Protein kinases and their substrates in brown adipose tissue from newborn rats

Abstract

The 100 000 × g supernatant fraction of brown fat from newborn rats catalyzed the cyclic AMP-dependent phosphorylation of both histone and a preparation of proteins from the same subcellular fraction (endogenous proteins). The apparent affinity for ATP was lower for the phosphorylation of the endogenous proteins than for the phosphorylation of histone. In order to discover whether the phosphorylation of histone and the endogenous proteins were catalyzed by different enzymes, the 100 000 × g supernatant was fractionated by ion-exchange and adsorption chromatography. Three different cyclic AMP-dependent protein kinases and one cyclic AMP-independent protein kinase were separated and partially purified. Each of these enzymes catalyzed the phosphorylation of both substrates, and the difference in apparent K m for ATP remained. Neither affinity chromatography on histone-Sepharose, nor electrophoresis on polyacrylamide gels resulted in the separation of the phosphorylation of histone from that of the endogenous proteins of any of the partially purified kinases. Moreover, experiments in which the phosphorylated substrates were separated by differential precipitation with trichloroacetic acid showed that the endogenous proteins competitively inhibited the phosphorylation of lysine-rich histone. It is concluded that each of the partially purified kinase preparations contains protein kinase, which catalyzes the phosphorylation of both substrates. The difference in apparent K m for ATP was found to be due to the presence in the endogenous protein preparation of a low molecular weight compound which competes with ATP. This was not ATP nor the modulator protein.
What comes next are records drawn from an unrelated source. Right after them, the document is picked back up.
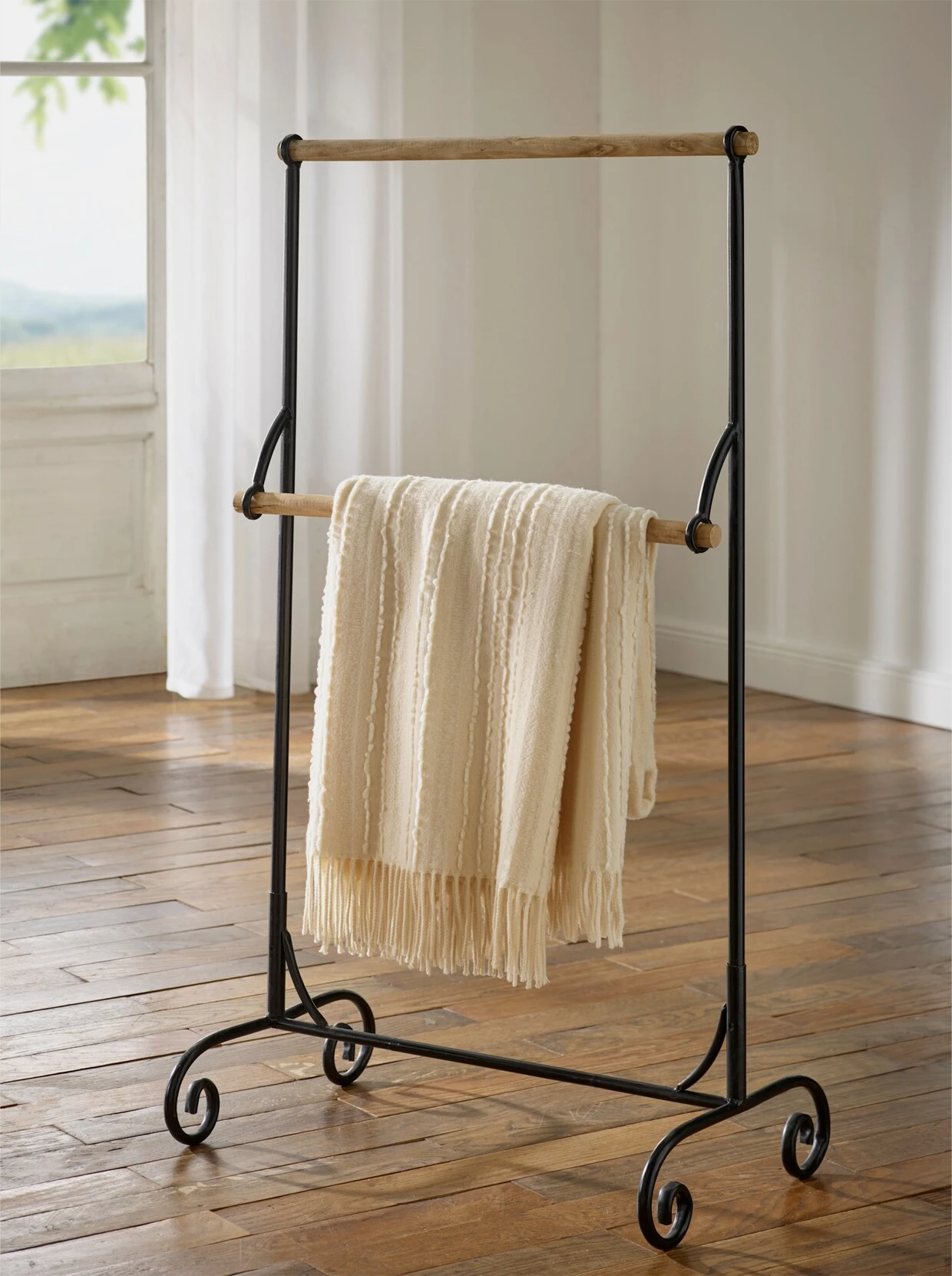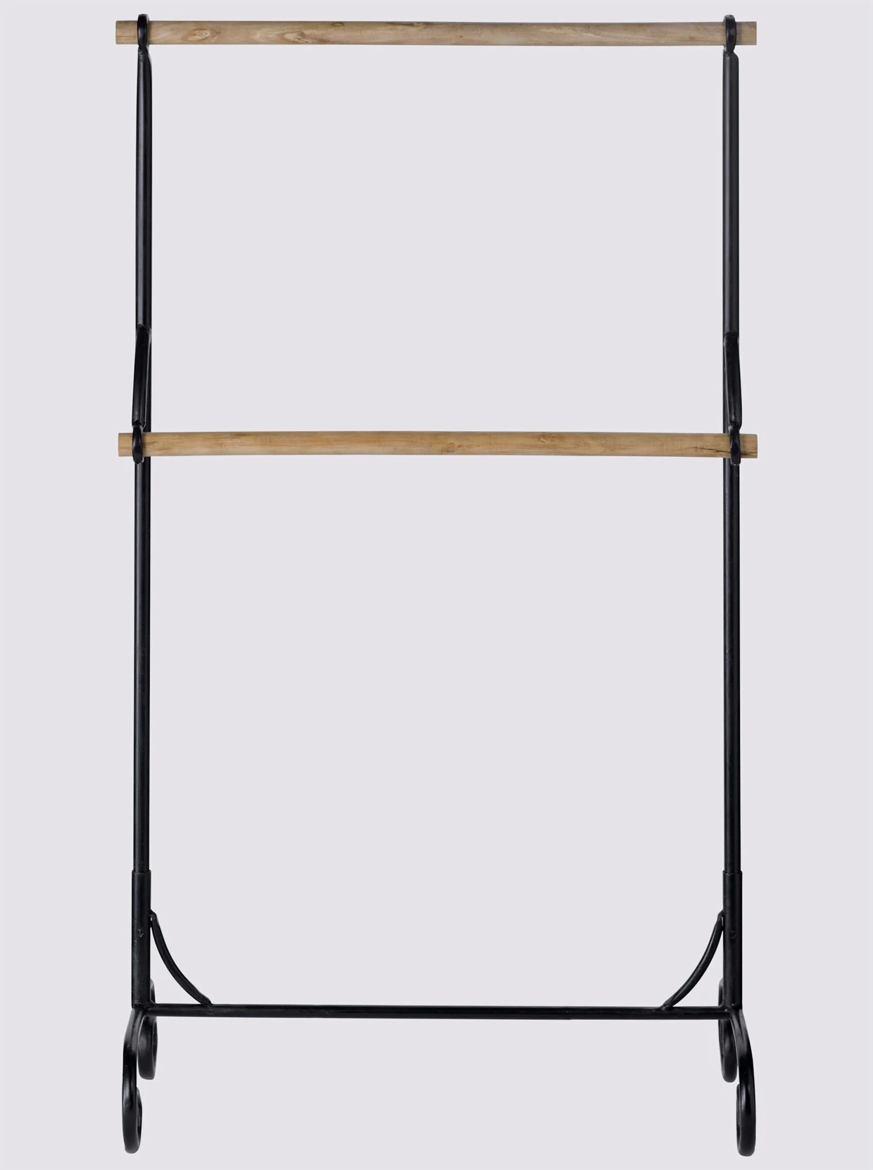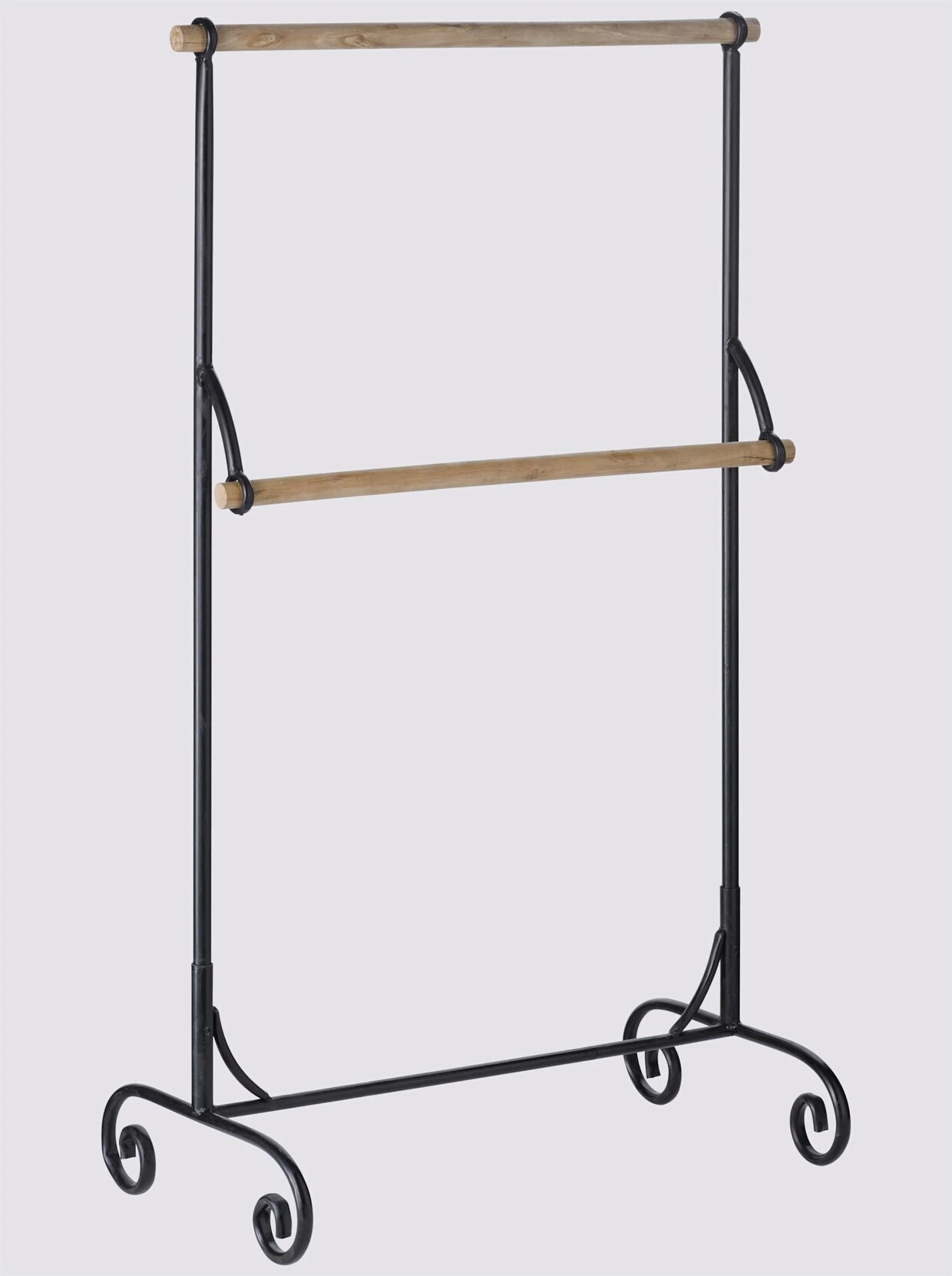 Tagesdeckenständer Gestell aus Metall, schwarz pulverbeschichtet. Stangen aus Holz. Teilmontage.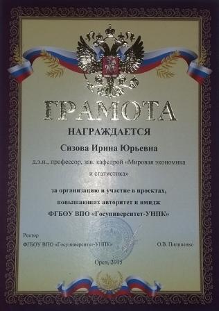 Дополнительная информация: Областью научно-образовательной деятельности является разработка региональных Комплексных программ и долгосрочных прогнозов эколого-экономического развития, комплексных программ научно-технического развития, формирование разноуровневых инновационных систем в условиях перехода к устойчивому развитию, Разработка научных направлений по эколого-экономическим проблемам в проектах MAB UNESCO. Научные результаты исследований внедряются в образовательный процесс подготовки кадров высшего профессионального образования. Осуществляет руководство аспирантами и докторантами. Под руководством Сизовой И.Ю. 11 аспирантов защитили кандидатские диссертации. 4 аспиранта и 1 соискатель работают над диссертациями. С 1987 года является членом национального комитета MAB UNESCO. В 1998 году присвоено звание академика Международной Академии наук экологии и безопасности (МАНЭБ), ассоциированной в ООН (г. Санкт-Петербург). С 2002 года входит в состав диссертационных советов по защите докторских диссертаций по следующим специальностям: Экономика и управление народным хозяйством (промышленность), Управление инновациями, маркетинг, экономическая теория, финансы и кредит и бухгалтерский учет и статистика. С 2005 г. является членом УМО вузов по статистике, мировой экономике. С 2006 г. по договору с Московской академией экономики и права, совместно с ситуационным центром активно продвигается прикладная инновационная образовательная программа ТТРП «ЭВРИКА», направленная на развитие креативного мышления у школьников и студентов экономических специальностей. С 2007 года под руководством И.Ю. Сизовой на базе кафедры ежегодно проводятся две международные научно-практические конференции, по результатам которых публикуются сборники, индексируемые в базе данных РИНЦ. С 2009 г. является членом редакционной коллегии Журнала "Вестник Орловского государственного университета: новые гуманитарные исследования", который включен в перечень ВАК РФ и научно-теоретического журнала "Системная инженерия" секция "Экономика и управление народным хозяйством. Финансы. Статистика. Математические методы экономики". С 2023 г. является членом редколлегии рецензируемого научно-практического журнала «Социально-экономическое управление: теория и практика» включен ВАК России в перечень ведущих научных журналов, в которых публикуются основные научные результаты диссертаций на соискание ученой степени кандидата и доктора наук. Журнал зарегистрирован Управлением Федеральной службы по надзору в сфере связи, информационных технологий и массовых коммуникаций по Удмуртской Республике, свидетельство ПИ № ТУ 18-00712 от 10 января 2022 г. С 2010 г. руководит международной программой по академической мобильности студентов и преподавателей по договору с Лицеем Либержье (в том числе программой двойных дипломов). В 2012 году прошла курсы повышения квалификации по программе "Основные направления международной деятельности вуза на современном этапе" в РУДН (г. Москва). В 2016 году пройден курс "Академическое письмо" в рамках планового прохождения стажировки в ФГБОУ ВО "ОГУ им. И.С. Тургенева". С 2014 г. осуществляет общее руководство международной программой "Новое поколение", модуль "Международная торговля и современные коммуникации" на английском языке, осуществляемой на базе 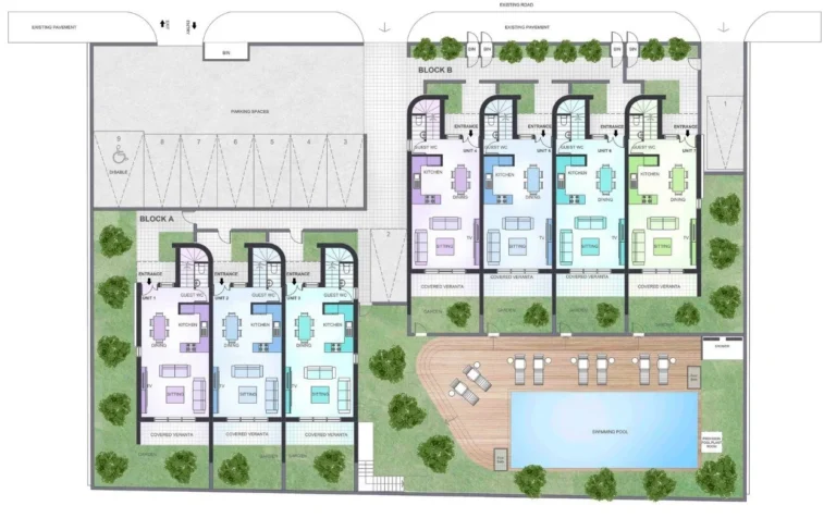 Nestled on a peaceful street, this charming complex occupies a coveted location in the heart of Germasoyia, a highly sought-after residential quarter of Limassol. Within a few minutes’ leisurely stroll, residents can reach the picturesque seafront and immerse themselves in the natural beauty of the Dasoudi Eucalyptus Park. A delightful array of restaurants, shops, and essential infrastructure surrounds the area, ensuring that residents can enjoy a modern and convenient lifestyle in this rapidly developing city.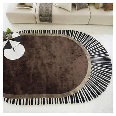 Un tapis ovale graphique, élégant et saisissant, tufté a la main en viscose et laine ivoire. Une grande section de couleur chocolat foncé est associée a une section plus claire de couleurs naturelle, grémentée d’un détail graphique décalé en rayures. Ce tapis d’intérieur sophistique est proposé dans une seule grande taille ovale et apportera une touche spectaculaire a votre intérieur. Doté d’un dos en coton, nous recommandons toutefois d’utiliser ce tapis avec un sous-tapis antidérapant, en particulier sur les surfaces lisses.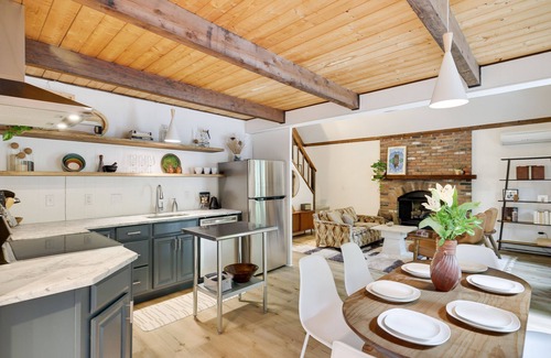Shiff Shack has everything you need for a quiet, comfortable stay. It features 2 bedrooms, 2 full, updated bathrooms, a private loft area that sleeps 4, a dedicated work space in the stand up loft, updated kitchen and 4 season room with another dedicated workspace. Relax and enjoy a glass of wine or a cup of coffee on the deck, sit by the firepit and make s'mores. This house sleeps 6 comfortably.

The ratio of the phosphorylation of endogenous proteins to that of histone was much higher for the cyclic AMP-independent kinase preparation than for the other enzymes. Electrophoresis of the endogenous substrates in the presence of sodium dodecyl sulphate showed that the enzyme phosphorylated a greater number of proteins than did the cyclic AMP-dependent kinases. The phosphorlation of endogenous proteins relative to that of histone was significantly lower for one of the cyclic AMP-dependent kinases than for the other two. This differences was not reflected in a different pattern of phosphorylation of the individual proteins of the endogenous mixture.